Problem to solve -
When you come to a picture, pass over it, and set down the entries below exactly.

Dataset excerpts -

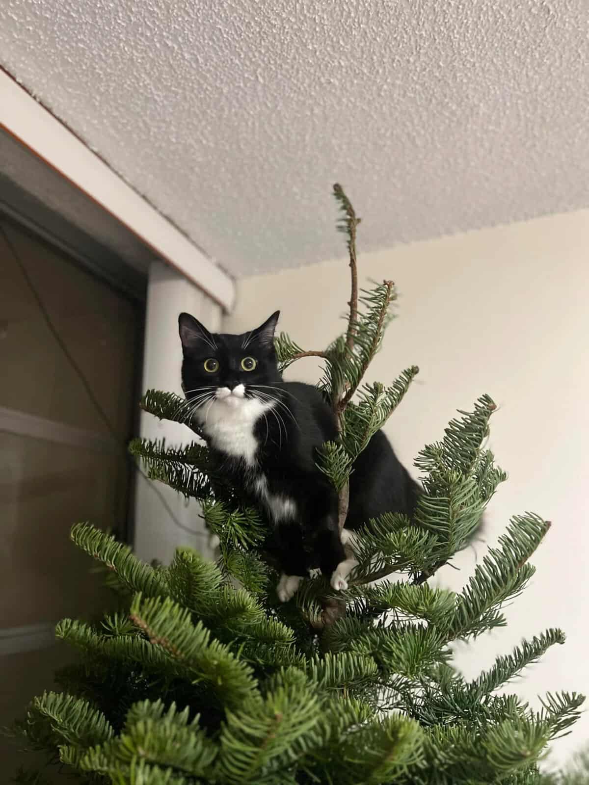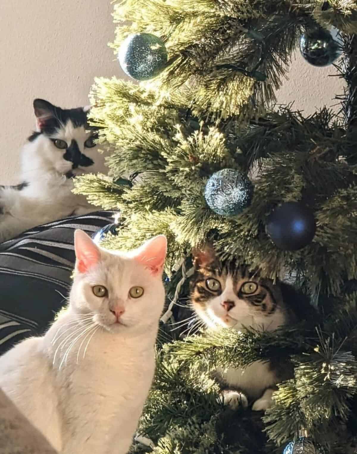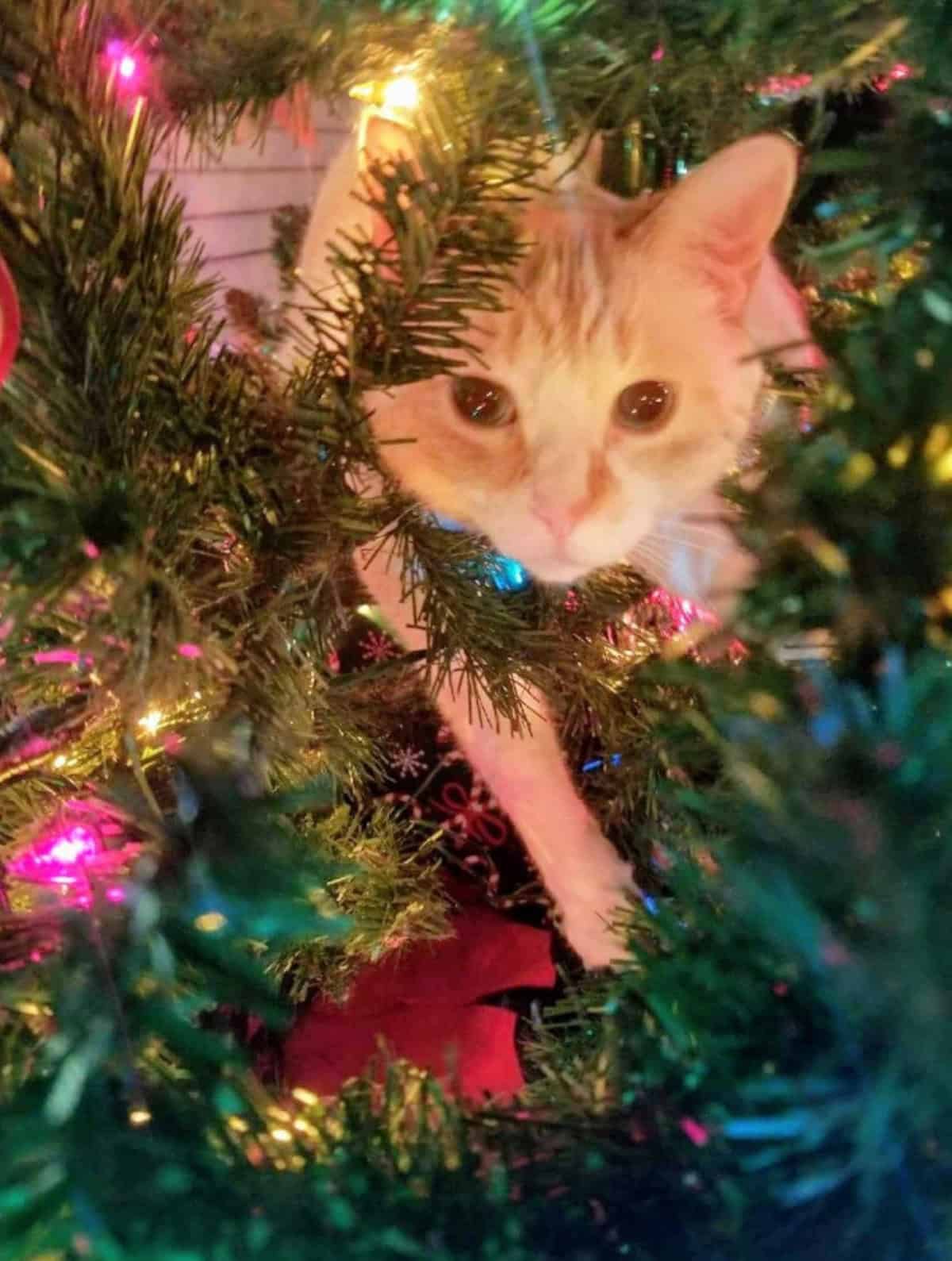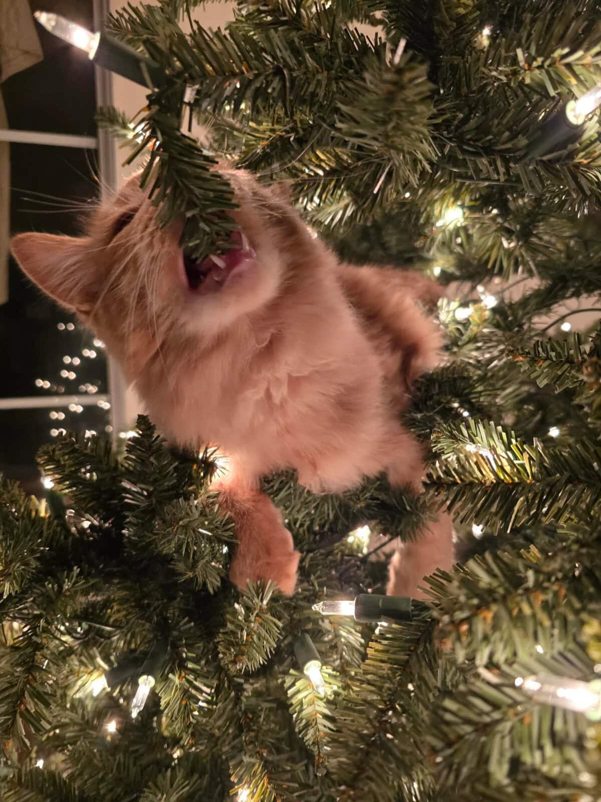 There’s no question our pets become family, but I can’t help wondering what they think of the holiday season. Christmas has to be especially confusing for cats. One day, there’s suddenly a whole tree in the living room, and their only job is to climb it or attack it.
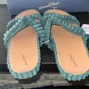 Comfy terry sandals, contoured , supportive footbed. Turquoise /teal color. NWT
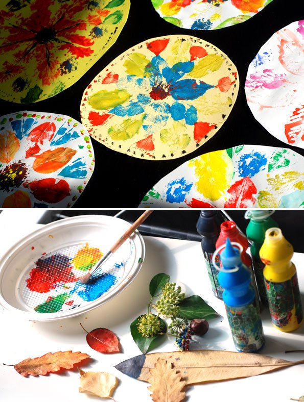 Vystřihněte ze čtvrtky kolo o velikosti velkého talíře. Listy potřete barvou a obtiskávejte. Střídejte barvy až vám vznikne pravidelný obrazec, kterému se říká „mandala“. Okraje a prostředek dobarvěte podle fantazie.
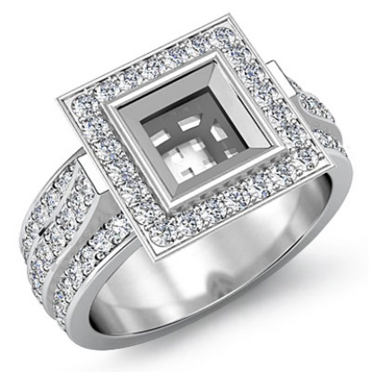 Diamond Engagement Ring Halo Setting Platinum Princess Semi Mount (1.65Ct. tw.)
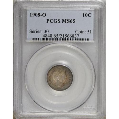 <B>1908-O 10C MS65 PCGS.</B></I> Dusky gold and gray color on the obverse with a mostly brilliant reverse surface ringed by vivid gold and blue color. The obverse has underlying satiny luster and the reverse tends toward frosty luster. A lovely example from the penultimate year of operation for the New Orleans Mint. Population: 23 in 65, 10 finer (5/07).<BR><BR><b>Shipping:</b> Coins & Currency (<a target="_blank" href="http://www.heritageauctions.com/common/shipping.php">view shipping information</a>)
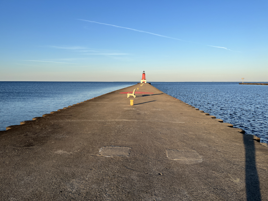 After we got to the hotel in Marinette, Wisconsin, we went to get Culver's for supper. Then Dad and I went to see the lighthouse just across the border in Menominee, Michigan.
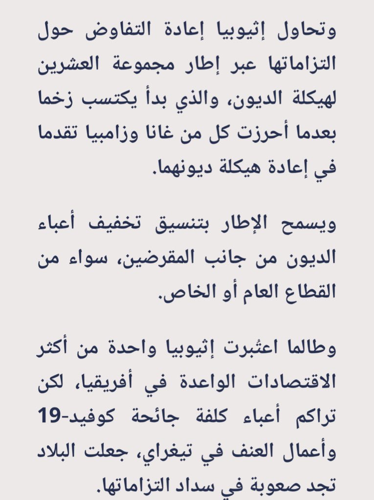 المأسوفة على شبابها اثيوبيا مديونة وبتتشرط على الدائنين (يا اما يأجلوا الدين يا اما تمتنع عن السداد) بحجة تطابق مواصفات حالتها مع الدول الفقيرة اللي استفادت
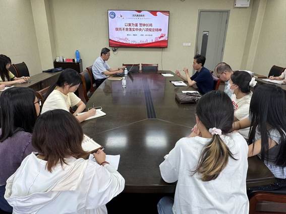 学院党委书记周国华作《以案为鉴 警钟长鸣 锲而不舍落实中央八项规定精神》主题报告。报告讲述了多起违反中央八项规定精神典型案例,采用以案说德、以案说纪、以案说法、以案说责的案例剖析,强调了深入贯彻中央八项规定精神的重要性;同时总结了学院党委对照2个问题清单逐项查摆情况,以及制定的整改措施和已取得的进展成效。周国华指出,党员同志要切实把中央八项规定精神内化于心、外化于行,将学习成果转化为破解难题、推动工作的强大动力,以作风建设新成效开创学院事业发展新局面。
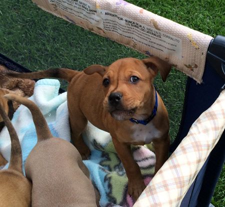 Our Y litter was born to a pair of Pit mix (possibly Boxer) parents that were rescued from the Redlands Shelter. Typical Friday the 13th luck, most of the puppies were delivered by c-section and mom was just to young to step up to the demands of raising a big litter. These adorable puppies have grown up in their foster home with the help of their GSD foster moms, so they are very well socialized with dogs and people.
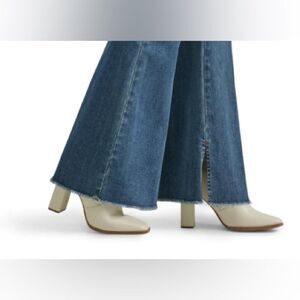 Love a good flare! These have a raw hem and a split detail at hem. Good stretch! Waist 14, rise 11.5, inseam 31”. Questions? Leave a comment below!
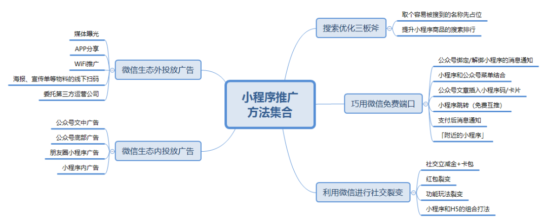 最后,我们用一张思维导图总结下小程序的21种推广方式:
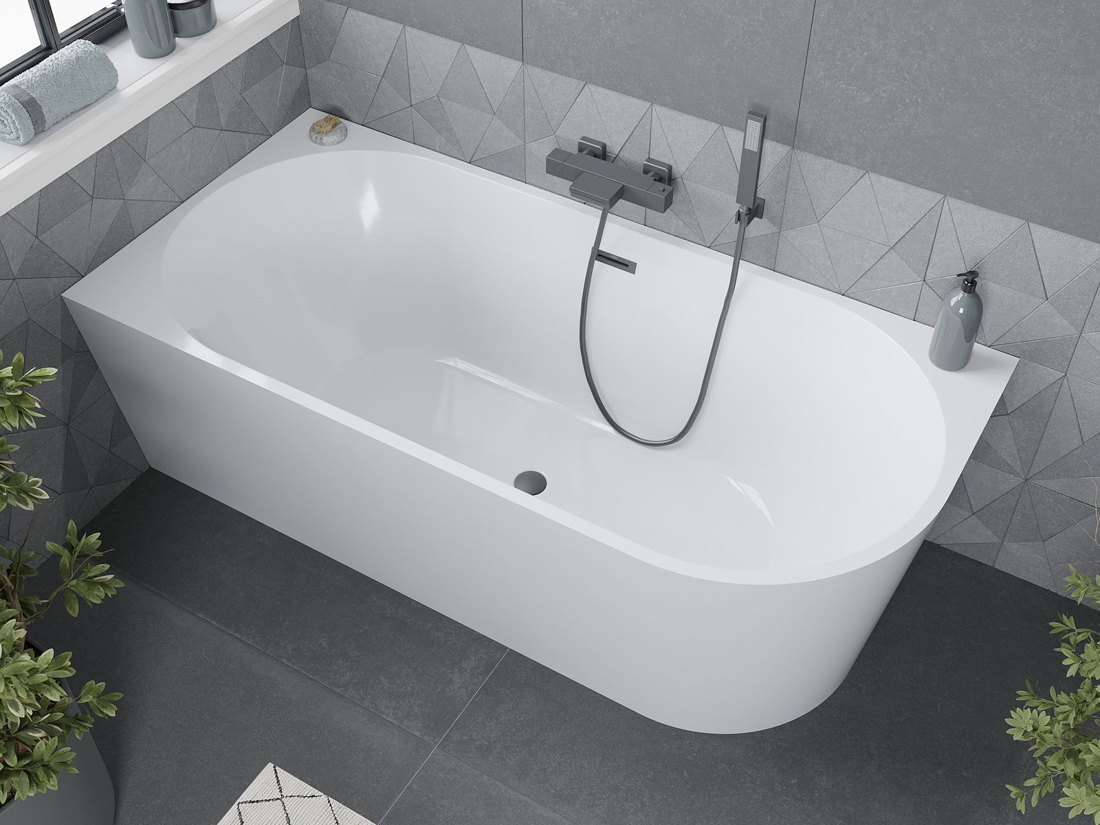 Mexen Mia baignoire autoportante d'angle gauche 160 x 80 cm, blanche, trop-plein en métal gun - 52691608000L-95
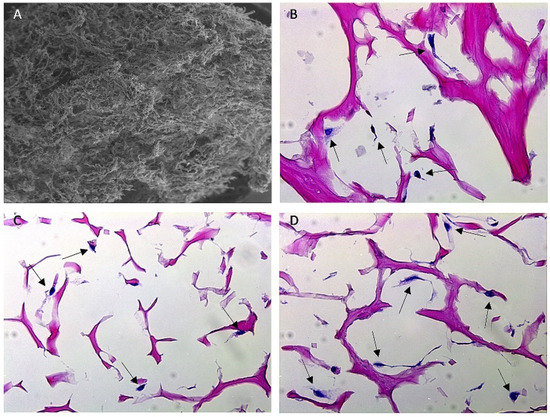 SEM and H&E-stained histology images of Fibro-Gide® collagen matrix. (A) SEM image of Fibro-Gide® cylinder. (B–D) Histology images taken at 40× magnification of Fibro-Gide® seeded with MC3T3-E1 cells on days 3 (B), 5 (C), 7 (D) of cell culture. Dark pink material is collagen matrix, dark purple material is cell nuclei, denoted by black arrows.
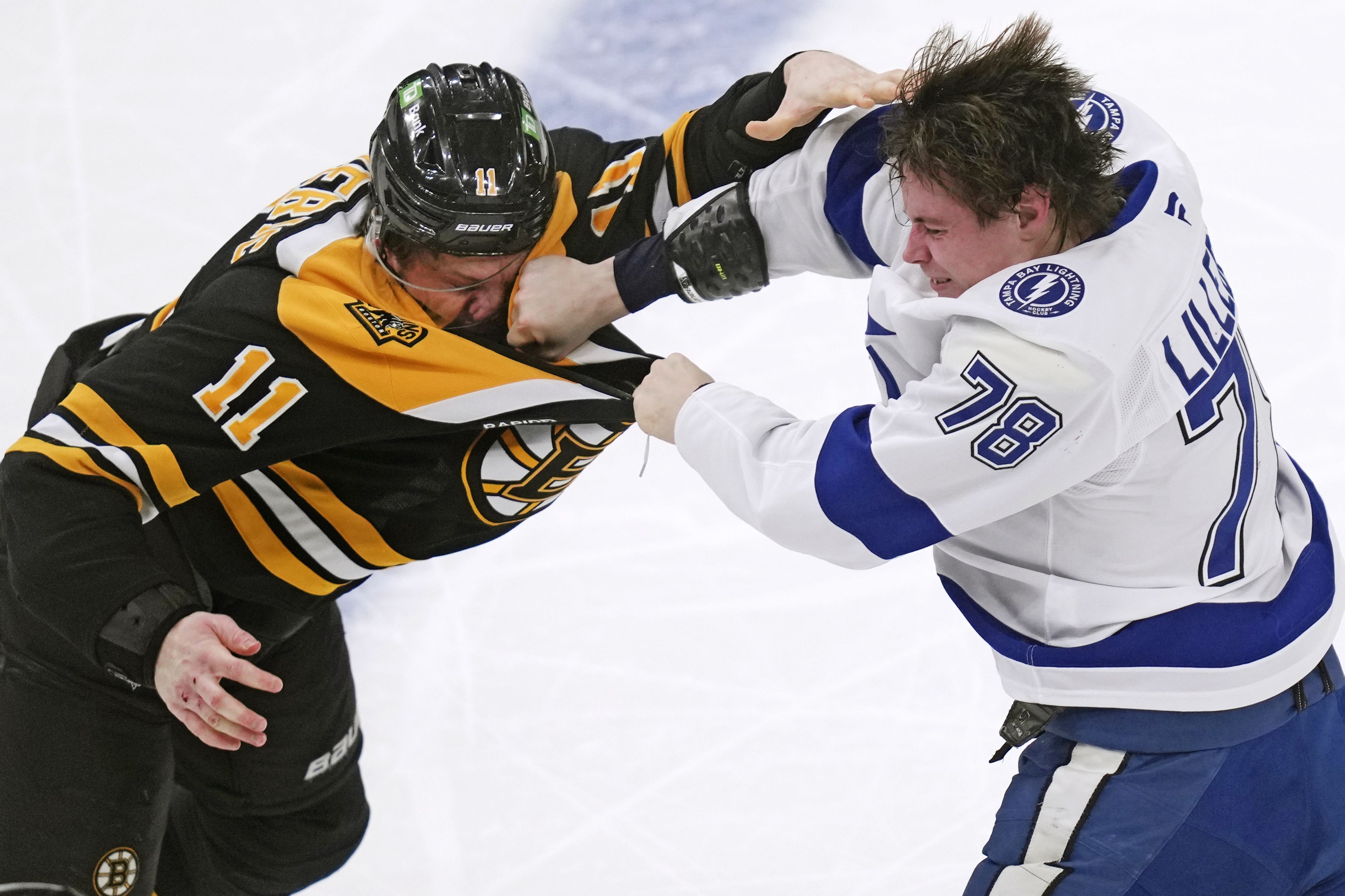 Tampa Bay Lightning defenseman Emil Lilleberg (78) lands a punch during his fight with Boston Bruins center Trent Frederic (11) during the second period of an NHL hockey game, Tuesday, January 14, 2025, in Boston. (Photo by Charles Krupa/AP Photo)
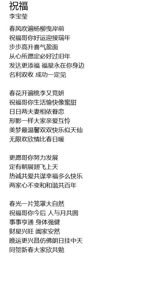 | zhù fú gē nǐ hǎo yùn yíng jiē ruì nián | |
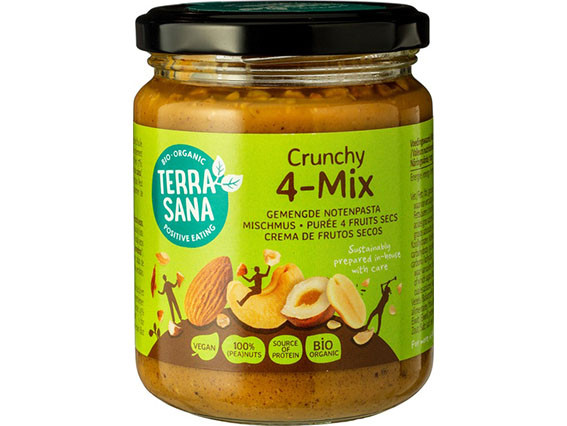 Een mix van geroosterde cashewnoten, amandelen, hazelnoten en pinda's met lekker knapperige stukjes voor een extra bite. De notenpasta heeft een zachte en lichtzoete smaak. Heerlijk op de boterham of om door baksels of smoothies te mengen. De notenpasta is uiteraard zonder toevoegingen. Hierdoor kan er na verloop van tijd een laagje olie op de notenpasta ontstaan. Gewoon even doorroeren en lekker genieten!
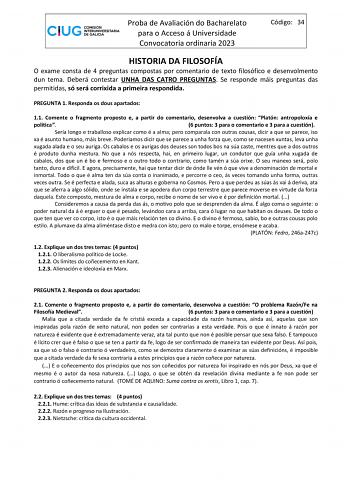 Exámenes de EBAU de Historia de la Filosofía
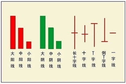 【2】柱体:这个柱体其实就代表了开盘价和收盘价之间的价差,价差越大柱体越长。当红色柱体很长时我们就称之为大阳线,此外还有中阳线和小阳线,反之则是大阴线、中阴线和小阴线。
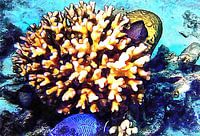 Gebaseerd op een foto die ik jaren geleden onder water nam, toen de koraalriffen over de hele wereld bloeiden en krioelden van de vissen, toont dit gestileerde fotokunstbeeld
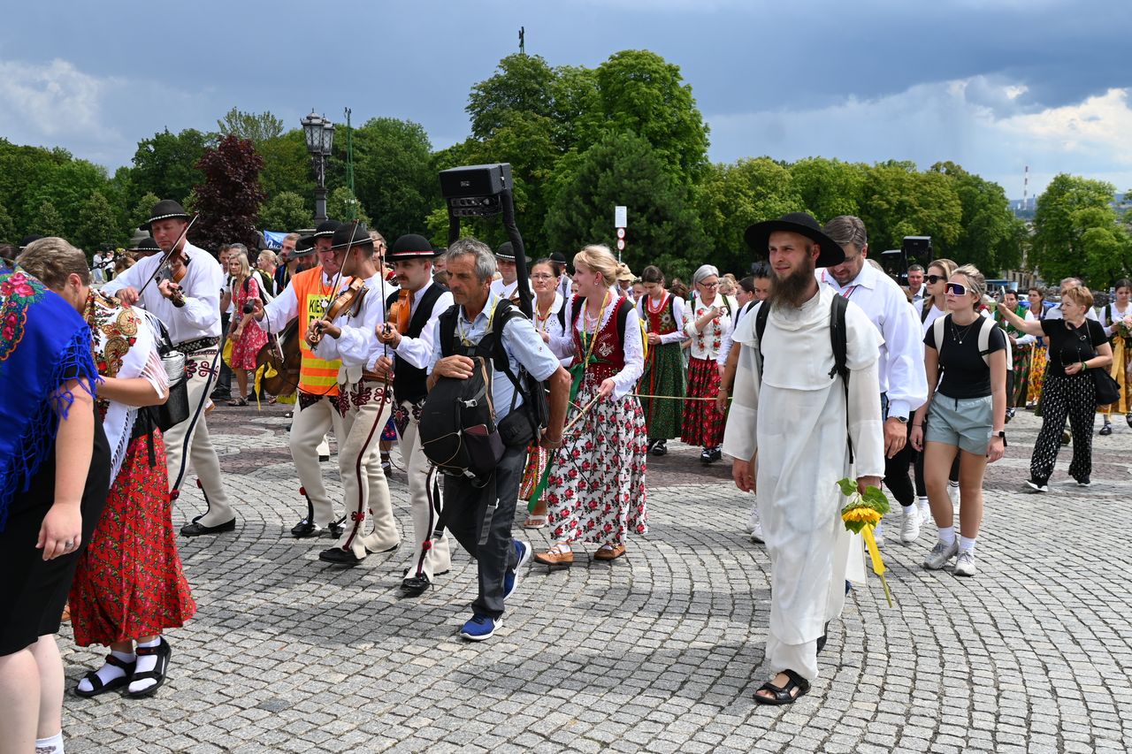 Fot. Jan Głąbiński Ponad tysiąc pątników dotarło na Jasną Górę 31 lipca w 44. Góralskiej Pieszej Pielgrzymce do Królowej Polski. W strojach regionalnych pokłonili się Czarnej Madonnie. Wcześniej na Wałach Jasnogórskich, przy muzyce i śpiewie podhalańskich pieśni, wielu z pielgrzymów przyjmując postawę krzyża modliło się w chwili ciszy, a grupa z Rabki zatańczyła po góralsku.

Task result -
 There’s no question our pets become family, but I can’t help wondering what they think of the holiday season. Christmas has to be especially confusing for cats. One day, there’s suddenly a whole tree in the living room, and their only job is to climb it or attack it.
 Comfy terry sandals, contoured , supportive footbed. Turquoise /teal color. NWT
 Vystřihněte ze čtvrtky kolo o velikosti velkého talíře. Listy potřete barvou a obtiskávejte. Střídejte barvy až vám vznikne pravidelný obrazec, kterému se říká „mandala“. Okraje a prostředek dobarvěte podle fantazie.
 Diamond Engagement Ring Halo Setting Platinum Princess Semi Mount (1.65Ct. tw.)
 <B>1908-O 10C MS65 PCGS.</B></I> Dusky gold and gray color on the obverse with a mostly brilliant reverse surface ringed by vivid gold and blue color. The obverse has underlying satiny luster and the reverse tends toward frosty luster. A lovely example from the penultimate year of operation for the New Orleans Mint. Population: 23 in 65, 10 finer (5/07).<BR><BR><b>Shipping:</b> Coins & Currency (<a target="_blank" href="http://www.heritageauctions.com/common/shipping.php">view shipping information</a>)
 After we got to the hotel in Marinette, Wisconsin, we went to get Culver's for supper. Then Dad and I went to see the lighthouse just across the border in Menominee, Michigan.
 المأسوفة على شبابها اثيوبيا مديونة وبتتشرط على الدائنين (يا اما يأجلوا الدين يا اما تمتنع عن السداد) بحجة تطابق مواصفات حالتها مع الدول الفقيرة اللي استفادت
 学院党委书记周国华作《以案为鉴 警钟长鸣 锲而不舍落实中央八项规定精神》主题报告。报告讲述了多起违反中央八项规定精神典型案例,采用以案说德、以案说纪、以案说法、以案说责的案例剖析,强调了深入贯彻中央八项规定精神的重要性;同时总结了学院党委对照2个问题清单逐项查摆情况,以及制定的整改措施和已取得的进展成效。周国华指出,党员同志要切实把中央八项规定精神内化于心、外化于行,将学习成果转化为破解难题、推动工作的强大动力,以作风建设新成效开创学院事业发展新局面。
 Our Y litter was born to a pair of Pit mix (possibly Boxer) parents that were rescued from the Redlands Shelter. Typical Friday the 13th luck, most of the puppies were delivered by c-section and mom was just to young to step up to the demands of raising a big litter. These adorable puppies have grown up in their foster home with the help of their GSD foster moms, so they are very well socialized with dogs and people.
 Love a good flare! These have a raw hem and a split detail at hem. Good stretch! Waist 14, rise 11.5, inseam 31”. Questions? Leave a comment below!
 最后,我们用一张思维导图总结下小程序的21种推广方式:
 Mexen Mia baignoire autoportante d'angle gauche 160 x 80 cm, blanche, trop-plein en métal gun - 52691608000L-95
 SEM and H&E-stained histology images of Fibro-Gide® collagen matrix. (A) SEM image of Fibro-Gide® cylinder. (B–D) Histology images taken at 40× magnification of Fibro-Gide® seeded with MC3T3-E1 cells on days 3 (B), 5 (C), 7 (D) of cell culture. Dark pink material is collagen matrix, dark purple material is cell nuclei, denoted by black arrows.
 Tampa Bay Lightning defenseman Emil Lilleberg (78) lands a punch during his fight with Boston Bruins center Trent Frederic (11) during the second period of an NHL hockey game, Tuesday, January 14, 2025, in Boston. (Photo by Charles Krupa/AP Photo)
 | zhù fú gē nǐ hǎo yùn yíng jiē ruì nián | |
 Een mix van geroosterde cashewnoten, amandelen, hazelnoten en pinda's met lekker knapperige stukjes voor een extra bite. De notenpasta heeft een zachte en lichtzoete smaak. Heerlijk op de boterham of om door baksels of smoothies te mengen. De notenpasta is uiteraard zonder toevoegingen. Hierdoor kan er na verloop van tijd een laagje olie op de notenpasta ontstaan. Gewoon even doorroeren en lekker genieten!
 Exámenes de EBAU de Historia de la Filosofía
 【2】柱体:这个柱体其实就代表了开盘价和收盘价之间的价差,价差越大柱体越长。当红色柱体很长时我们就称之为大阳线,此外还有中阳线和小阳线,反之则是大阴线、中阴线和小阴线。
 Gebaseerd op een foto die ik jaren geleden onder water nam, toen de koraalriffen over de hele wereld bloeiden en krioelden van de vissen, toont dit gestileerde fotokunstbeeld
 Fot. Jan Głąbiński Ponad tysiąc pątników dotarło na Jasną Górę 31 lipca w 44. Góralskiej Pieszej Pielgrzymce do Królowej Polski. W strojach regionalnych pokłonili się Czarnej Madonnie. Wcześniej na Wałach Jasnogórskich, przy muzyce i śpiewie podhalańskich pieśni, wielu z pielgrzymów przyjmując postawę krzyża modliło się w chwili ciszy, a grupa z Rabki zatańczyła po góralsku.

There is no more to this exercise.